Même si les débuts de la poésie latine sont surtout marqués par Homère et les Tragiques qui constituent des modèles autant pour les jeunes Romains, à l’école, que pour les premiers poètes (Livius Andronicus, Quintus Ennius etc.) fascinés par leurs œuvres, celle-ci se détache progressivement de sa proche parente grecque, au style beaucoup plus raffiné et modeste. En effet, comme le montre l’exemple de la traduction d’Aratos de Cicéron, la tendance latine est plus à l’ornementation et à la richesse, à la description minutieuse et au pittoresque. Il est par ailleurs indéniable que Cicéron se soit davantage illustré par ses traductions que par ses poèmes, souvent moqués et vivement critiqués par les écrivains des générations suivantes. La traduction des classiques grecs semble en outre avoir davantage profité à Cicéron qui s’en imprègne et reprend leur parole à son propre compte.

La Correspondance qui abonde de références grecques constitue ainsi une sorte de laboratoire où Cicéron expérimente les effets que peut produire une citation versifiée, généralement fameuse et donc connue de son interlocuteur. Or, la pratique qui consiste à citer des vers dans ses lettres peut nous surprendre aujourd’hui, quand nous considérons qu’écrire un poème et rédiger une lettre résultent de deux actes énonciatifs différents. Pourtant, et comme pour l’ensemble des « genres littéraires », le « genre poétique » et le « genre épistolaire » se rapprochent par certains aspects : en effet, un texte n’appartient jamais totalement à un seul et unique genre, mais possède une dominante générique qui nous permet de lui attribuer un « genre ». La notion de « genre » – si tant est qu’elle existait – paraît donc avoir eu d’autres implications dans l’Antiquité, où il était courant d’enrichir ses lettres de vers.

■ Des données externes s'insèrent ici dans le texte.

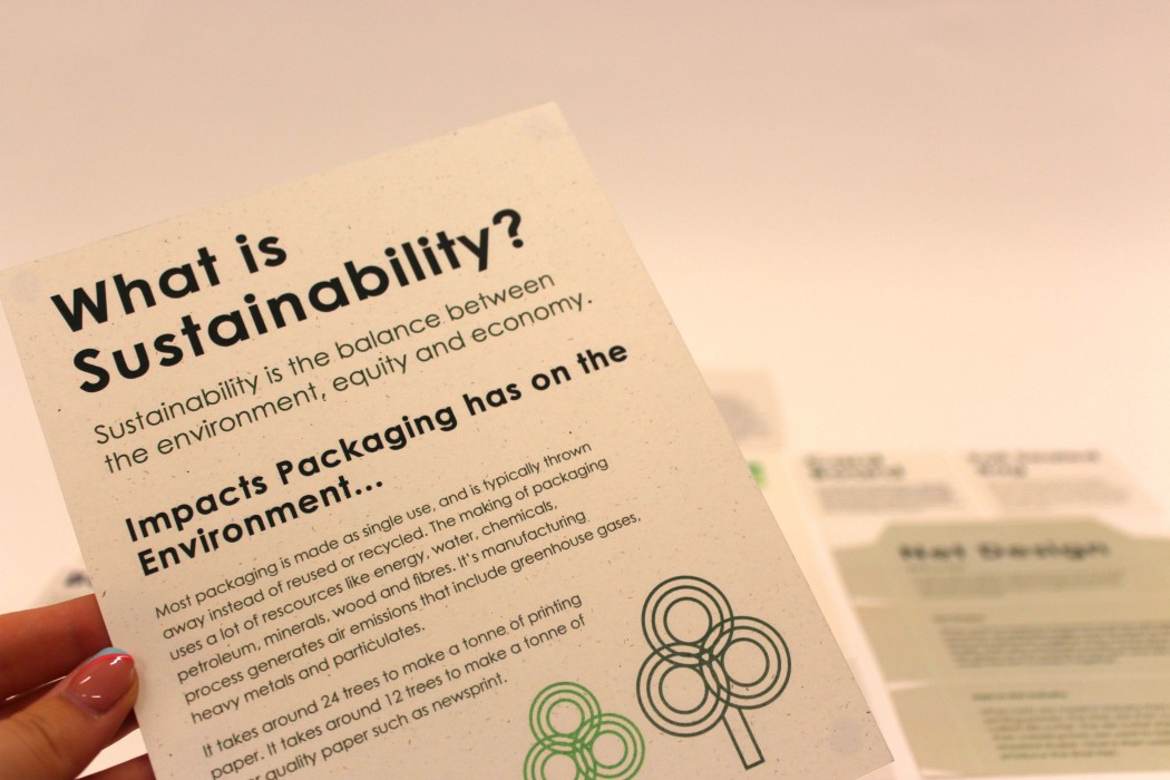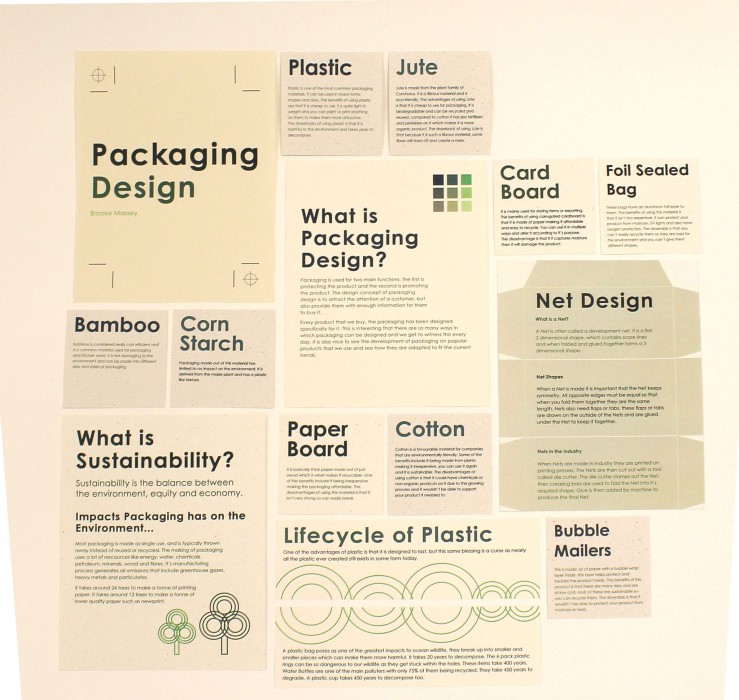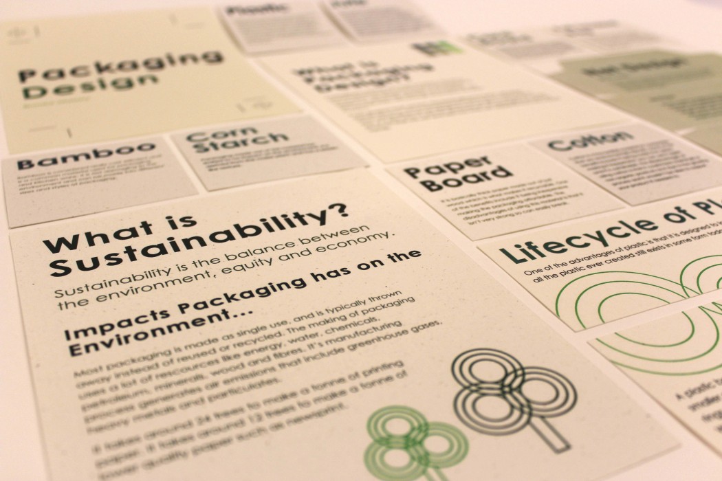 The paper used for the Packaging Publication is all recycled, as Massey aimed to design this project with the environment in mind. The type was also carefully chosen for it to have a good impact on the environment. The type used is “Century Gothic”, this type doesn’t use a lot of ink when printing so was one of the best options for the publication.
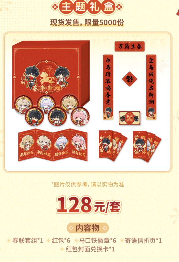 1月30日库洛游戏官宣,《鸣潮》「春潮新晖」主题礼盒及系列周边将于1月31日9点现货发售,礼盒定价128元/套,全球限量5000份,同期还将上线主题门挂、咔咔扣毛绒等周边,为玩家带来新春收藏好物。
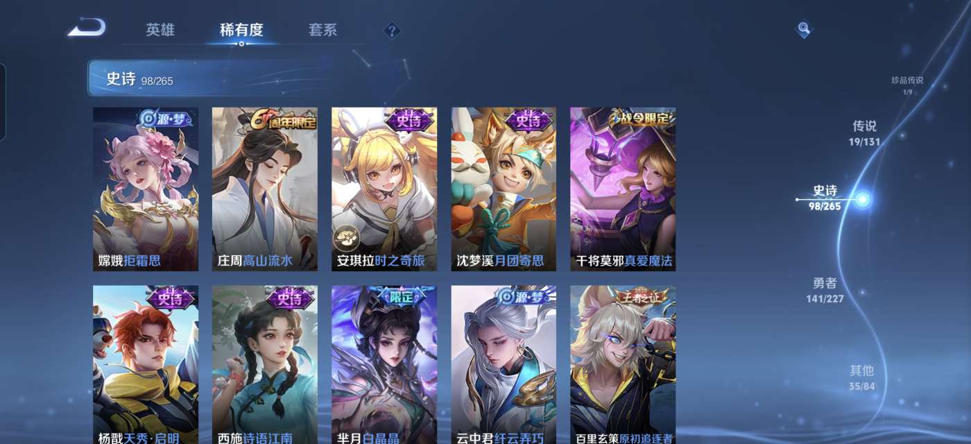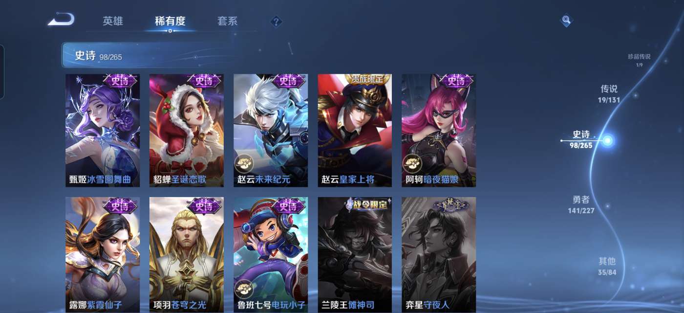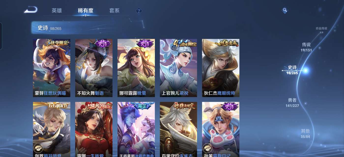 常年霸榜万战,巅峰赛2000+,王者百星max,中路每个英雄都有皮肤,有武则天,还有一些其他好看皮肤
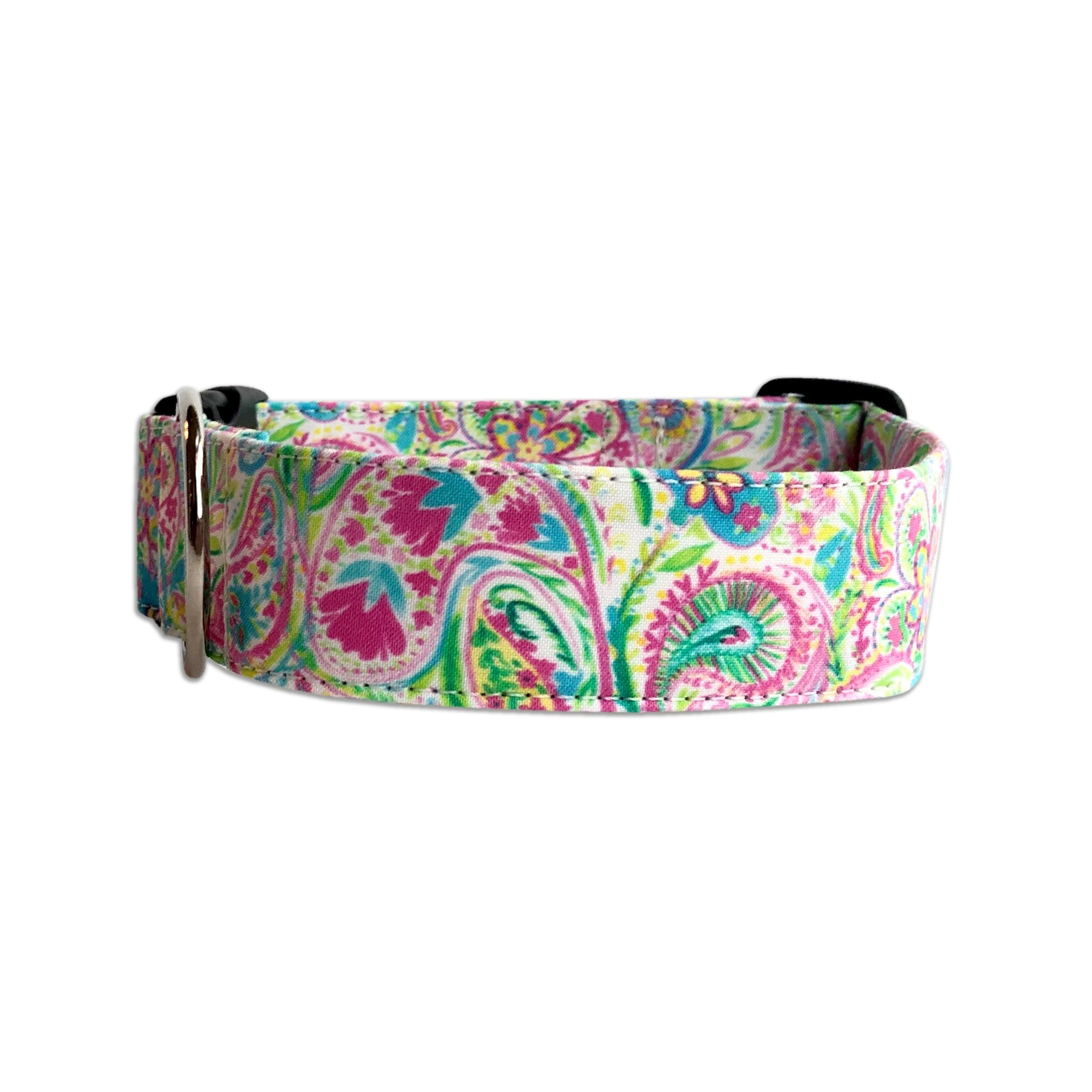 Martingales will be made in matching material and are slip on dog collars that are best suited for dogs that slip out of collars easily. When the dog pulls, the martingale tightens so the dog cannot escape. Martingale collars are intended to be used while on walks and not left on unsupervised.
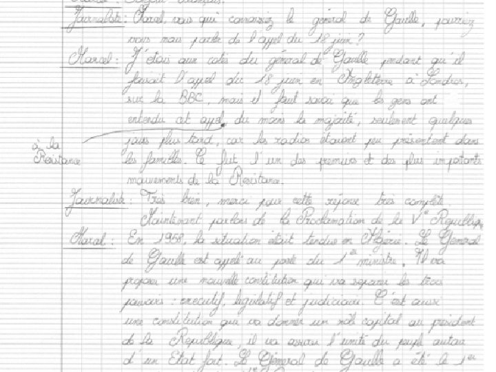 Un seul élève écrit , peu d’originalité dans l’interview prélèvement dans les documents des éléments attendus …cela ressemble à une biographie résumée.
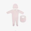 Conjunto para bebé de algodón acolchado ff tono sobre tono azul claro con babero, gorro y pelele con cierre frontal y borde con logo ff estampado.
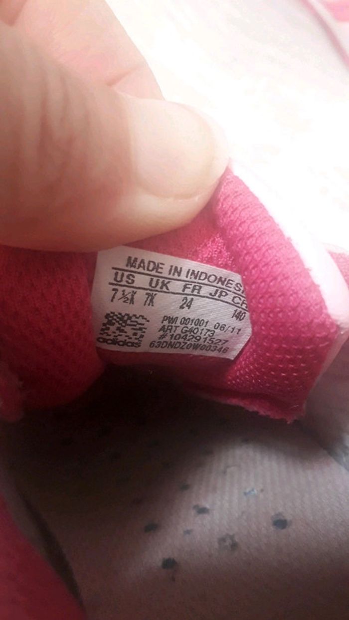 Basket Adidas fille pointure 24 Semelle en très bon état (photo) Juste une chaussures râpée sur le bout (photo) Envoi uniquement par mondial relais #vayssadechaussures
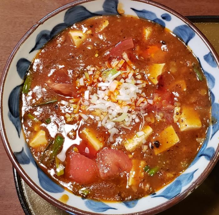 期間限定です。辛味はそのままにトマトの酸味が夏らしいです。お願いすると山椒瓶を渡してくれるので、痺れが好きなだけ味わえます。ご飯も無料です。
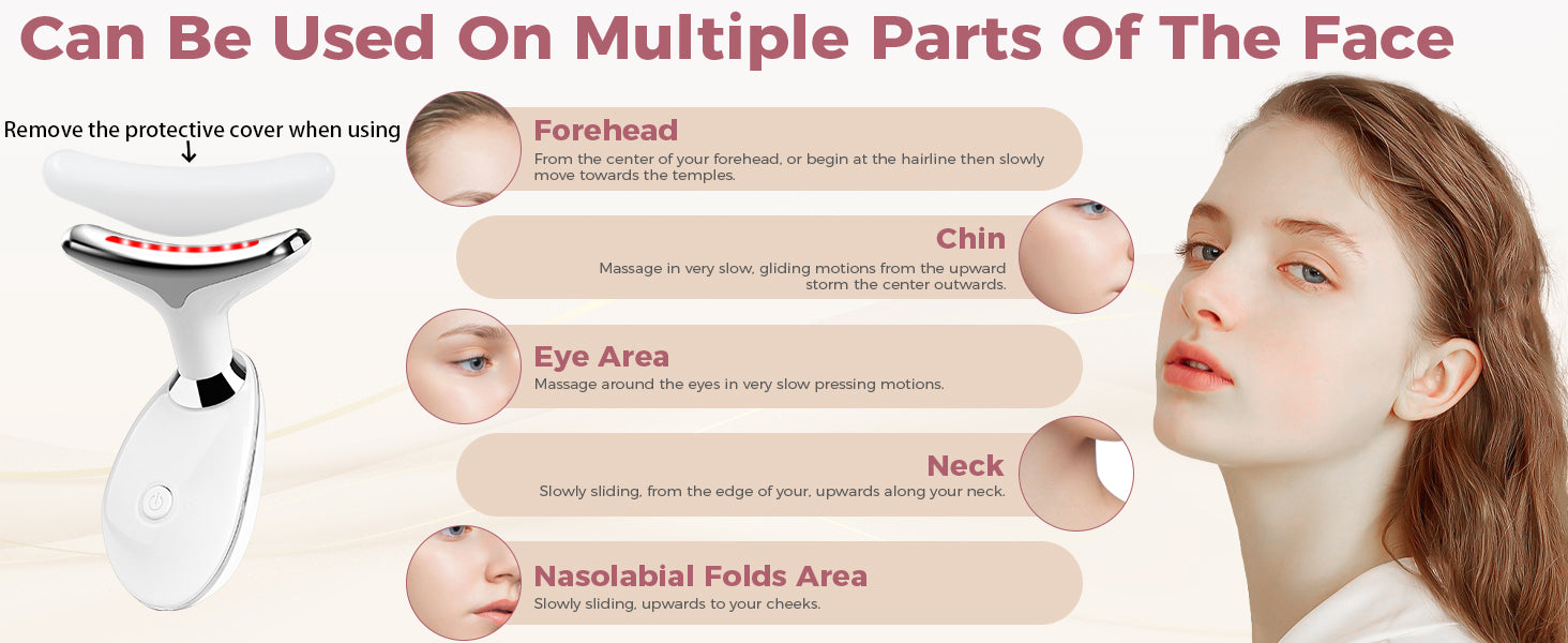 - [7-in-1 Red Light Therapy] This face neck massager has 7 different LED light modes and 3 massage modes that are suitable for massaging the face and neck. Red light: Treatment of full-face wrinkles.
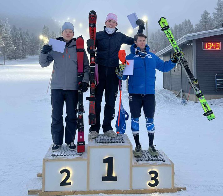 Hann vann svigmótið í dag og endaði í öðru sæti í gær. Jón Erik var með þriðja besta tímann í fyrri ferðinni en vann sig upp í efsta sætið í þeirri síðari. Jón Erik náði síðan besta tímanum í seinni ferðinni og bar sigur úr bítum eftir afar spennandi baráttu við Finnann Erik Saravuo sem var 0,07 sek á eftir honum. Fyrir árangurinn fékk hann 23 FIS-punkta sem er hans besti punktaárangur á ferlinum og styrkir sömuleiðis stöðu hans á Ólympíulistanum. Jón Erik átti líka frábæra seinni ferð í gær. Hann tryggði sér þá annað sætið eftir að hafa verið með fimmta besta tímann í fyrri ferðinni. „Ég er ánægður með góða byrjun á vetrinum en ég á nóg inni og við erum rétt að byrja,“ sagði Jón Erik í stuttu spjalli við heimsíðu Skíðsambands Íslands. Jón Erik Sigurðsson efstur á verðlaunapallinum.ski.is
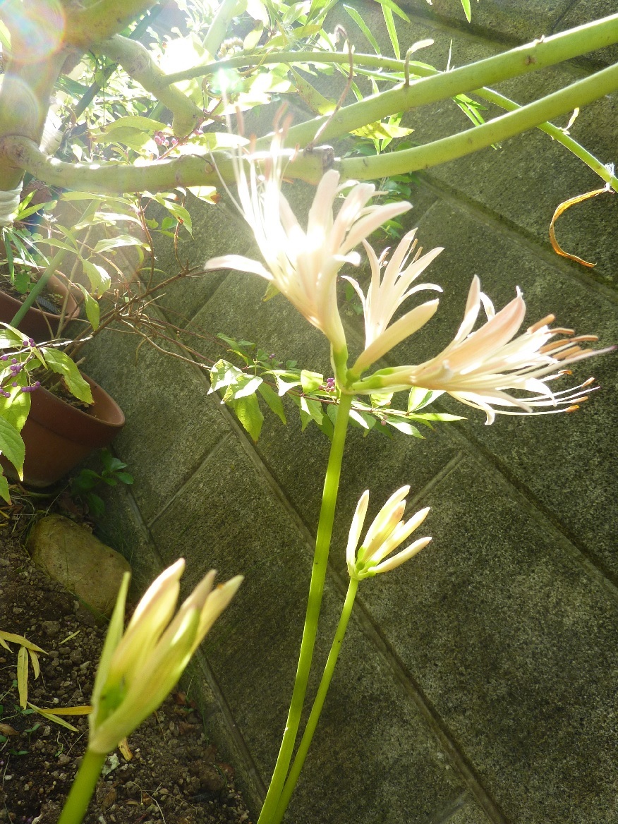 庭に赤の彼岸花だと「いかにも!」という感じなので、
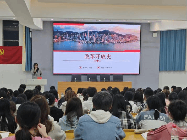 2024年11月5日晚,商学院党委书记邓剑为商学院、初等教育学院分党校入党积极分子讲授了主题为“改革开放史”的党课。
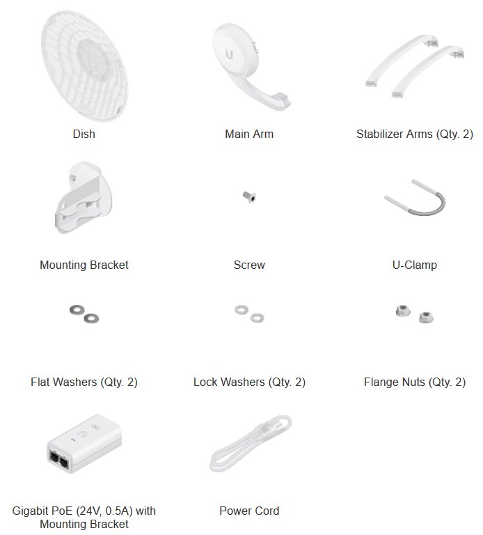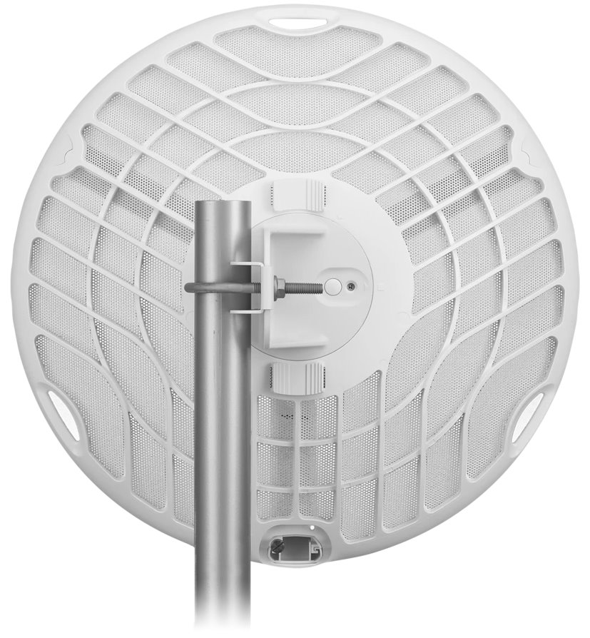 AirFiber 60 je velmi robustní jednotka složená z kovového držáku, sítové parabolické antény se ziskem 38dBi (v 5GHz pouze 11dBi) a 3 plastových nožiček držících zářič, který obsahuje hlavní 60GHz i záložní 5GHz rádiovou část a Gigabitový ethernetový port s pasivním 24V napájením.
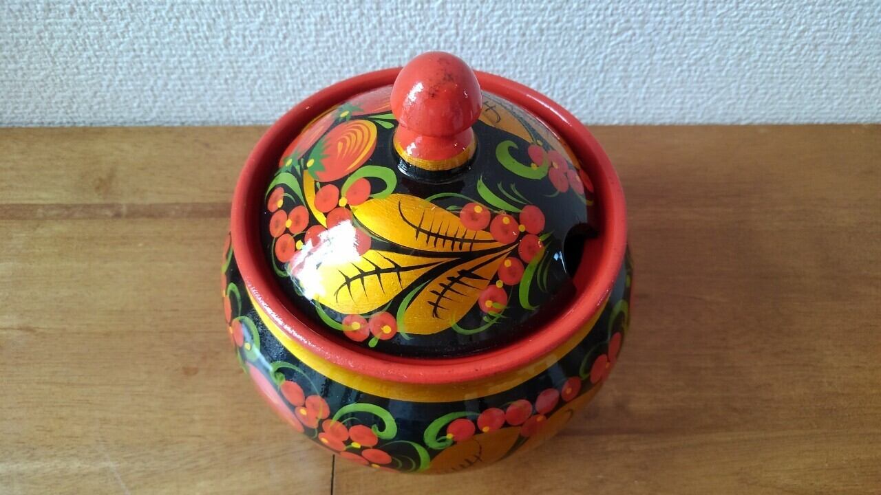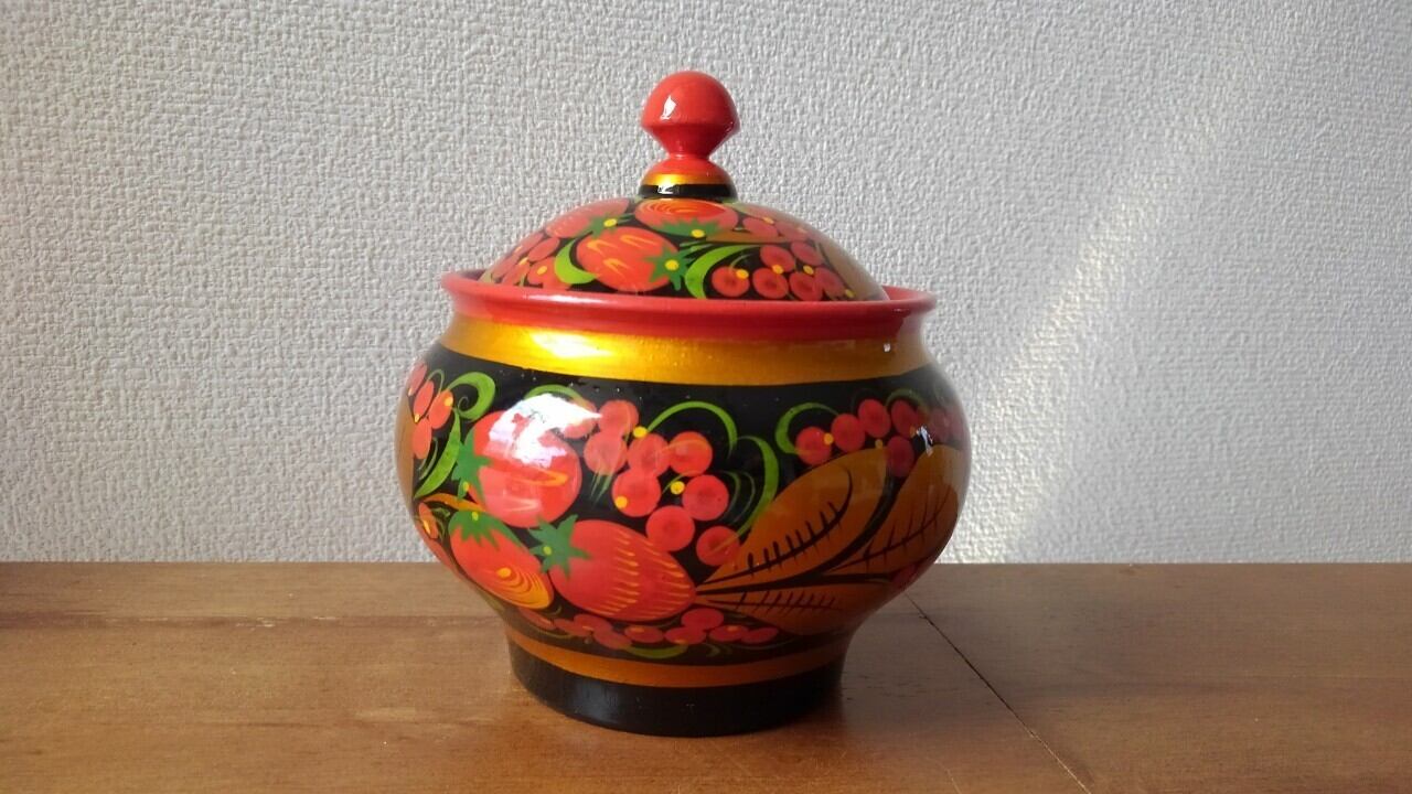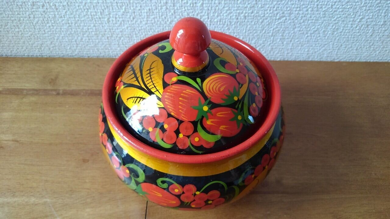 【X002】北欧ロシア雑貨 ホフロマ塗りの置物 煎餅・お菓子入れ
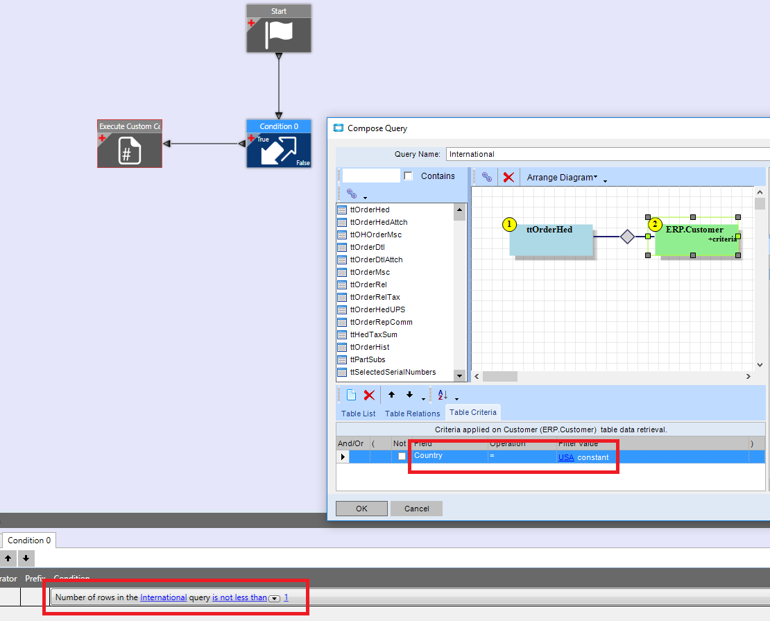 Thank you for the response. I’ve only been working with Epicor for a month or so and have gone through a lot of the embedded and online courses, but even that material doesn’t cover everything. I’ve been working on this off and on for the past few days. The first part of your reply is not an issue, but the second part has me stumped. For my company, we will never ship to multiple locations that would mix domestic and international. That being said, I’ve setup a BPM on the SalesOrder Update method, under Pre-processing where I have a condition that checks if the OrderHed ShipToAddressList field contains “US”. If it does then the OrderNum is set to a variable, and the flow passes to a Custom Code action (see code below). In this action it should go through each record with the OrderNum saved in the variable then change the ProdCode field, which in this case is just TESTING until I can get it to work.

2. La notion de « genre » et ses implications

Martin et Gaillard (2013, p. 11), après avoir longuement insisté sur la difficulté à saisir ce concept fluctuant et protéiforme du point de vue de l’Antiquité, font le choix de distinguer quatre « genres » dont chacun prend différentes « formes ». Ces « formes » – qui dénotent en fait « les genres au sens courant du terme » – varient en fonction de divers critères tels que le contenu, l’écriture, ou les deux en même temps. Quatre « genres » donc, dont la qualification repose sur quatre adjectifs : dramatique, narratif, démonstratif et affectif. Nous aurons l’occasion de revenir plus en détail sur chacun d’entre eux, notamment lorsque nous classerons nos données en fonction du genre littéraire auquel elles réfèrent. Pour l’instant, nous voulons comprendre ce que signifie la notion de « genre » –

en particulier dans l’Antiquité – et selon quels paramètres nous pouvons dire qu’un texte appartient à tel genre (textuel ou littéraire) et pas à un autre.